A small build compared with the Mark 2 and Mark 3 designs, 314 Mark 4 coaches were built between 1989 and 1992 by Metro-Cammell's Washwood Heath factory to operate services on the newly electrified East Coast Main Line. They were operated by London North Eastern Railway and its predecessors in 30 fixed formations of nine carriages, with a Class 91 locomotive and Driving Van Trailer.

The Mark 4 is an all-steel coach incorporating a number of improvements over the Mark 3 stock - notably the inclusion of automatic push-button operated plug-type doors, in place of manually operated slam-doors, fully sealed gangways and controlled emission toilets (CET). Body shells were built by British Rail Engineering Limited (BREL) and Società Italiana Ernesto Breda.

After a period of evaluation in 1988, Swiss SIG type BT41A bogies were selected rather than BREL Type T4 bogies when BREL could not provide commercial guarantees on the demanding lateral ride comfort required for 140 mph running (BT41B/C refer to the bogie types used on the Mk4 DVT).

However, during the first year of operation in 1989, complaints were made about the "lively" ride of the coaches. This required modifications to the damper and spring rates of the bogies and the fitting of inter-coach car coupler dampers to improve damping between the vehicles. Disabled access was another priority of the design, so the door vestibules were enlarged to allow a larger turning circle for a wheelchair. With continually increasing levels of overcrowding, the 'gangway passenger' had become an important consideration, so the vestibule environment was improved with carpeted walls, better lighting, sealed gangways, and carriage doors plus four flip-down seats per vestibule (since removed and replaced with bench style perch seats).

Many of these innovations came from the abandoned Advanced Passenger Train, upon which the Mark 4 was heavily based.
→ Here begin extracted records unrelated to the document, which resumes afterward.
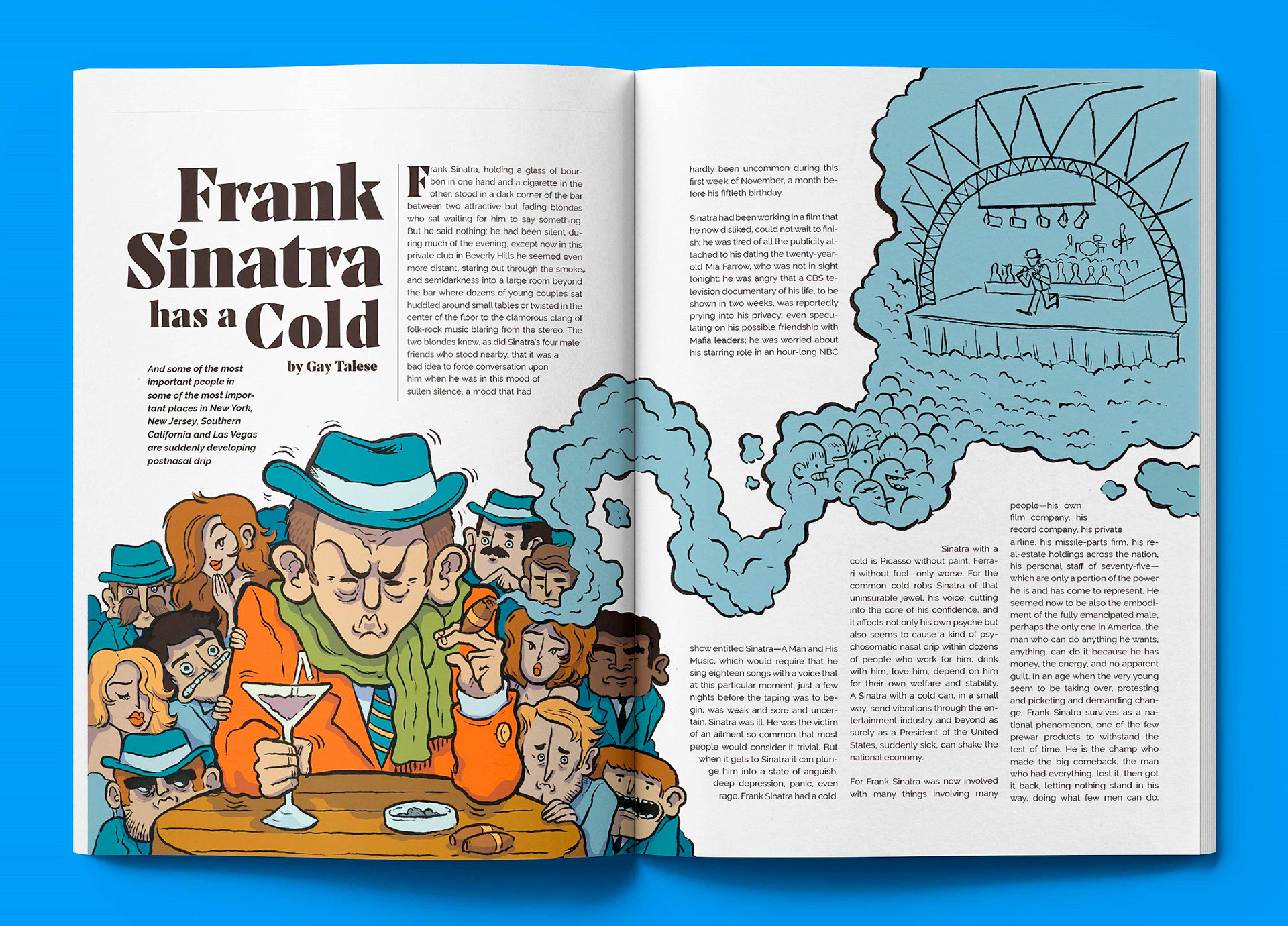 "Frank Sinatra has a Cold", a profile written by Gay Talese in 1966 tells the story of how Sinatra's day was ruined by a cold. It's considered one of the greatest pieces of journalism ever written. It's narrative style, much more smilar to fiction literature, inspired me to illustrate it's first paragraphs. I played a lot with the composition and the text to achieve a cool, dynamic spread. I also tried to capture the comedic tone of the story.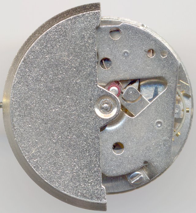 As you can see, the selfwindig mechanism is pretty crude and the oscillating weight is just axle beared and will scratch on the movement or on the back sooner or later.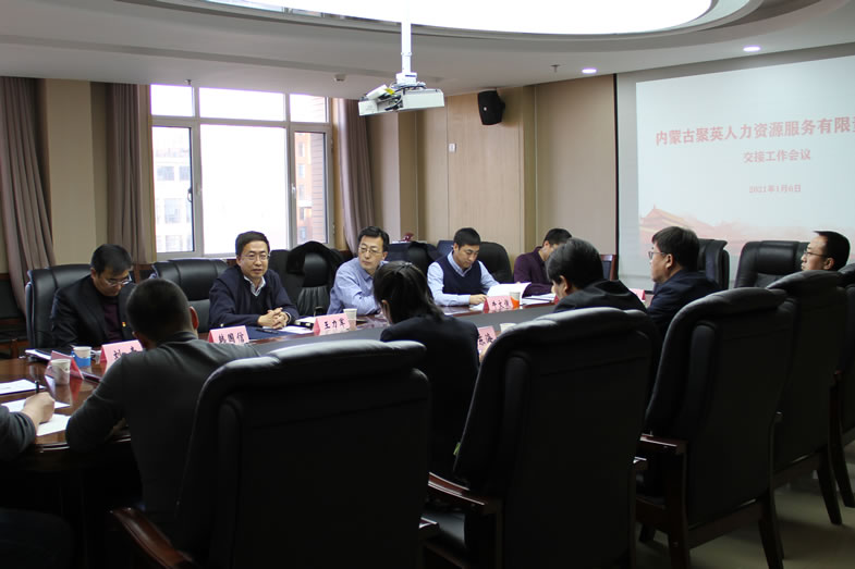 1月6日,在自治区国资委的大力支持下,米兰官网,米兰(中国)一站式服务官网与自治区人力资源公共服务中心召开内蒙古聚英人力资源服务有限责任公司交接工作会议。自治区国资委资本运营与收益管理处处长张世宏、自治区人力资源公共服务中心主任谢遵国、国资运营公司党总支书记、董事长王力军出席会议并讲话,自治区人力资源公共服务中心、国资运营公司、聚英人力资源公司相关人员参加会议,会议由国资运营公司总经理牛文俊主持。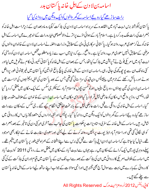 Osama Bin Ladin K Ahl E Khana Pakistan Badar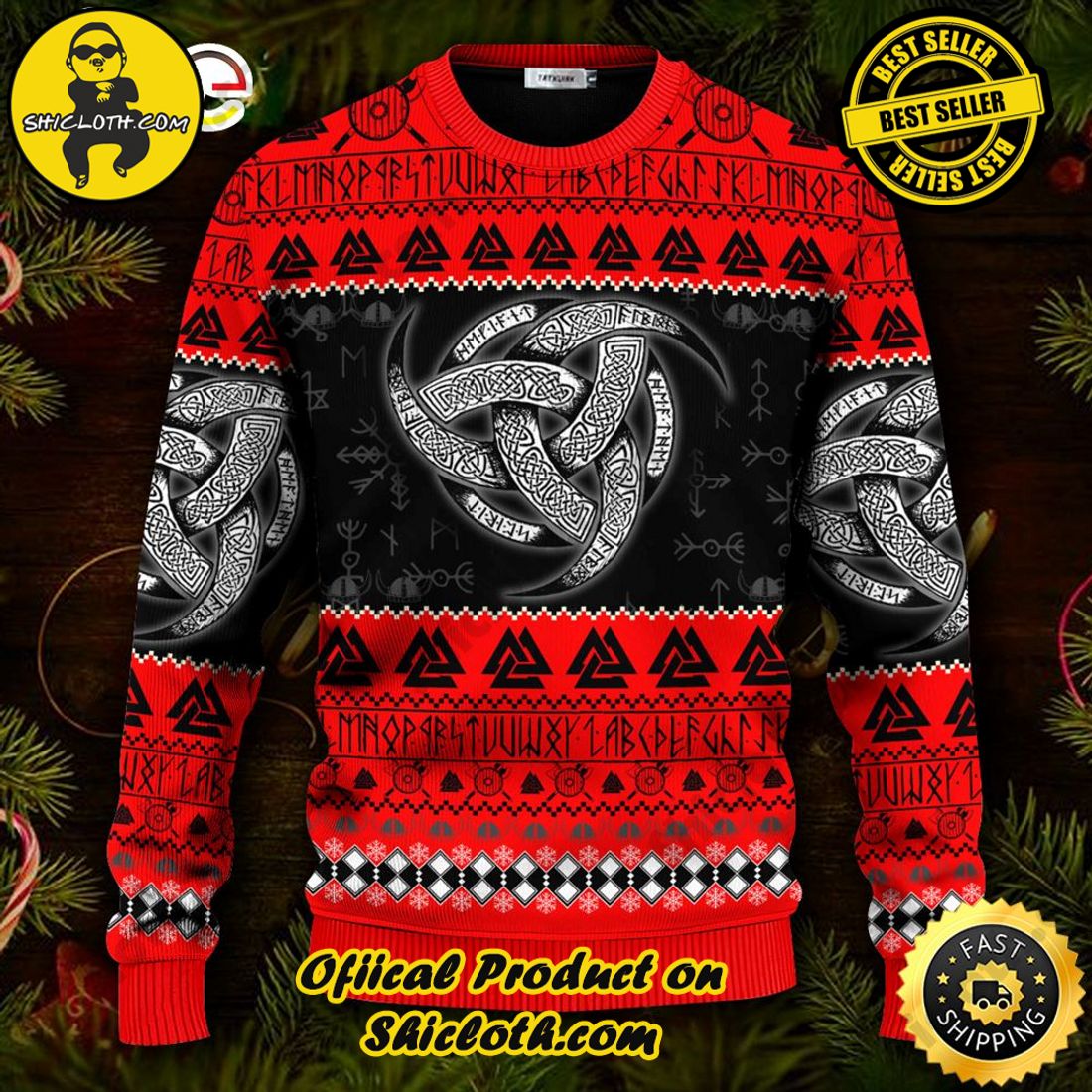 Red Triple Horn Pattern Viking Ugly Christmas Sweater For Men & Women Christmas Gift Sweater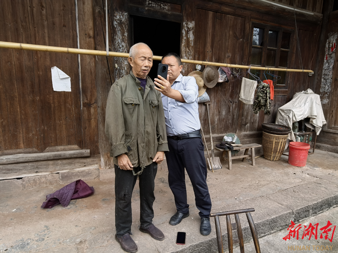 图1 杨家潭村支部书记邓明星为村民范吉尧办理扫脸网签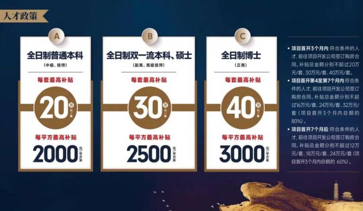 ✧ 全日制普通本科/中级、技师:补贴 2000元/平方米;最高补贴20万元/套。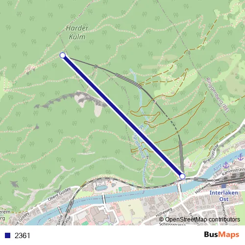 The first stop of the 2361 funicular route is Harder Kulm and the last stop is Interlaken Harderbahn. 2361 is operational during täglich.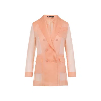 Max Mara Pianoforte introduces the Esopo Organza Jacket, crafted from luxurious pure pink silk. This elegant piece features a notched collar and a double-breasted front, showcasing a transparent organza design. Practicality is highlighted with chest patch and side flap pockets, while long sleeves with buttoned cuffs add a refined touch. The straight hem completes the sophisticated look, perfect for both formal and casual outfits. Material - Pure pink silk Design - Notched collar, double-breasted front Structure - Transparent organza Pockets - Chest patch and side flap pockets Sleeves - Long with buttoned cuffs Hem - Straight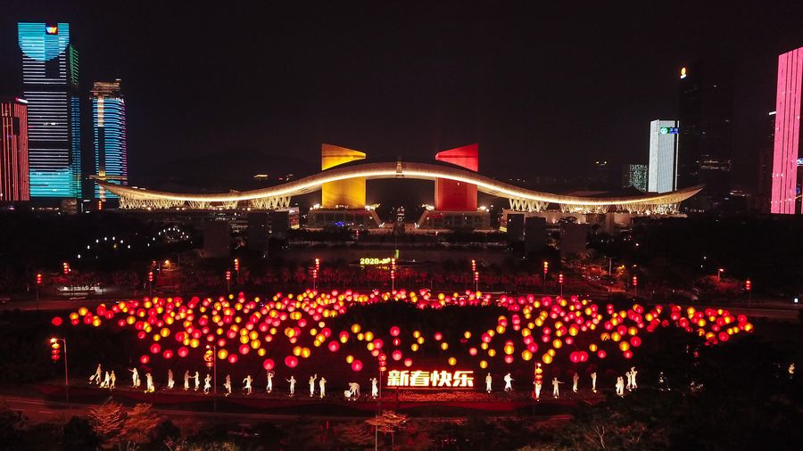 Aerial photo taken on Jan. 19, 2020 shows lanterns being illuminated to greet the coming Spring Festival in Shenzhen, south China's Guangdong province. (Xinhua/Mao Siqian)■

This influence was most obvious with the profiled sides, intended to allow the retrofitting of tilt-equipped bogies derived from the APT. This would have allowed up to 6° of tilt; modified coaches would have been designated Mark 4 T, but this plan was abandoned in January 1986. The business case for the Mark 4 also anticipated their operation on the West Coast Main Line as a follow-on order after the East Coast Main Line electrification, but after the failure of the InterCity 250 project to gain Treasury support, British Rail ordered a small number of Class 90 locomotives to supplement existing locomotives on the West Coast Main Line.

The Mark 4 has gained widespread praise for its exceptional crashworthiness, something that was proven in the Hatfield and Selby crashes, where experts identified the integral construction of the vehicles as being a key factor in restricting the death toll.

The Class 158 and Class 159 diesel multiple units, although superficially similar, are not based on the Mark 4 bodyshell; the Mark 4 is derived from the Class 156.

The Iarnród Éireann Mark 4 push-pull carriages, introduced on the Irish railway system in mid-2006, are of a different design; they were manufactured by the Spanish manufacturer CAF.

The Mark 4 was the first British Rail vehicle not to use Rail Alphabet typeface for interior signage and operating notices.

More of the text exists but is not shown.